A semana passada foi maravilhosa para a construção do futuro da nossa espécie. Foram dadas duas notícias que, juntas, ganham significado especial: primeiro se descobriu mais um planeta fora do nosso sistema (já é o 174º), o mais importante é que ele é rochoso, como a Terra; depois a Rússia divulgou que se prepara para minerar Hélio 3 na Lua.

A espécie humana já não cabe no planeta. Isto está claro desde o século passado, mas agora se dão os primeiros passos concretos para empestearmos a galáxia com nossos genes.
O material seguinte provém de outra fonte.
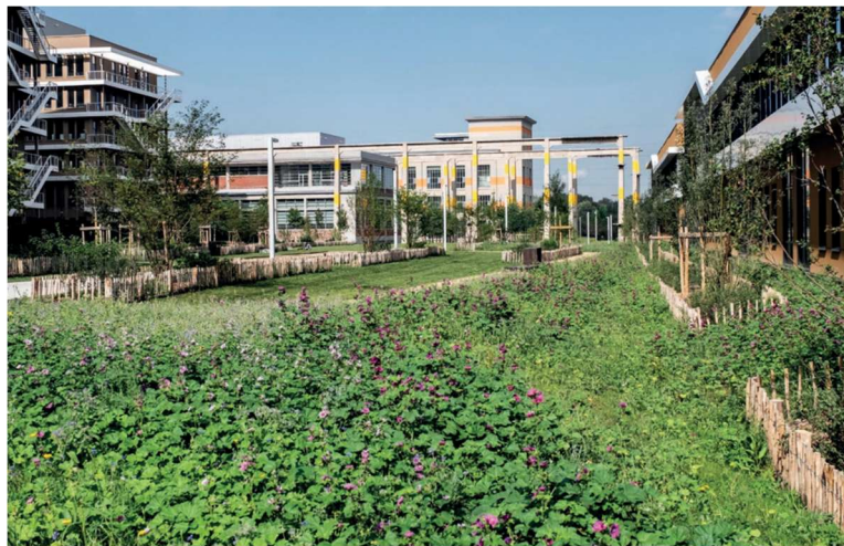
Vue de l'extension A des Jardins des Papeteries, Parc départemental du Chemin de l'Île, à Nanterre

Plus d'informations : hauts-de-seine.fr/la-strategie-departementale-des-espaces-de-nature

Já se sabia, por cálculos, que existem bilhões de mundos rochosos, milhões deles bastante parecidos com a Terra e capazes de suportar colonização humana, isto só aqui na vizinhança da Via Láctea. Agora se comprovou a existência de um deles, que apesar de ter 5 vezes a massa do nosso planeta e circular um sol bem fraquinho, é prova da correção do cálculo. Temos espaço para crescer, para fora do Sistema Solar!

O que falta, é claro, são os meios técnicos e a vontade de ir.
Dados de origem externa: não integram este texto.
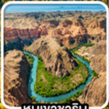
หุนนาซาริน
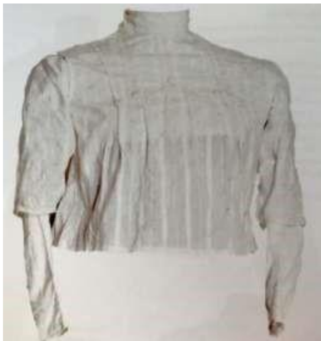
Рисунок 7. Лиф от наряда типа «парочка»
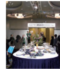
アオバ創立20周年「感謝の集い」

アオバ創立満20周年を記念して、東京と福岡で「感謝の集い」を開催 アオバの原点に戻り、AOAアオバをご愛用いただいているお客様とともに20周年をお祝いしました。その後、真の健康を目指すコミュニティ作りを目的に、アオバミロクシステムを導入。2010年から現在につながりました。

Aí é que entra a importância da missão russa. Eles planejam trazer dez toneladas de Hélio 3 (um isótopo pesadão do segundo elemento da tabela periódica). Este tanto dá para gerar energia suficiente para um ano na Rússia inteira. É uma forma genial de financiar as primeiras colônias lunares. Dado o interesse, ou a necessidade, os meios a humanidade inventará.

Apesar da possibilidade de concorrência, o mais usual é que a energia elétrica seja usada em imóveis. Este programa russo, mesmo que dê muito certo, pouco efeito terá no projeto brasileiro de exportar etanol, que é mais usado em automóveis e não como combustível para energia elétrica.
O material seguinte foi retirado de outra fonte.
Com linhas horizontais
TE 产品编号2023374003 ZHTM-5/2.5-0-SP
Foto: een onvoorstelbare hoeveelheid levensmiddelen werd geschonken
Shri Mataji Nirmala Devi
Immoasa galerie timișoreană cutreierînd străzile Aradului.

Tudo isto é, como já disse, maravilhoso, mas a humanidade não irá se não for junto o Direito. O que caracteriza a espécie não são só os genes, mas nossa capacidade de criar cultura, de criar meios de comunicação e regras para a convivência comum. Se nos genes somos 98% idênticos aos chimpanzés, na capacidade de criar normas estamos astronomicamente distantes dos primos.

Pois bem, então como é que será o Direito na Lua? O modelo já existe, é a forma como se regulamentam as coisas na Antártida. Não se tem um país no pólo sul, o continente é território internacional, como os oceanos e o céu acima deles. Aplicam-se primeiro os tratados internacionais, claro, e depois a lei do lugar de onde veio a pessoa a ser julgada.

Mas a Antártida é aqui pertinho e ninguém estabelece família por lá, muito embora os cientistas possam ficar o ano todo. A Lua poderá ser diferente, até pelos custos da viagem. No futuro distante pode ser que eles declarem independência e produzam seu próprio direito... mas já me adianto demais. Por enquanto fica só a certeza de que onde quer que vá um ser humano, suas normas vão junto, a certeza de que não dá para ser humano sem direito, nem na Lua.

O céu está deixando de ser o limite para se tornar a nova fronteira. Com o instrumental técnico de um lado e o Direito na outra mão, vamos ser senhores de inúmeros mundos.

Publicado no Diário de Ourinhos, em 2004.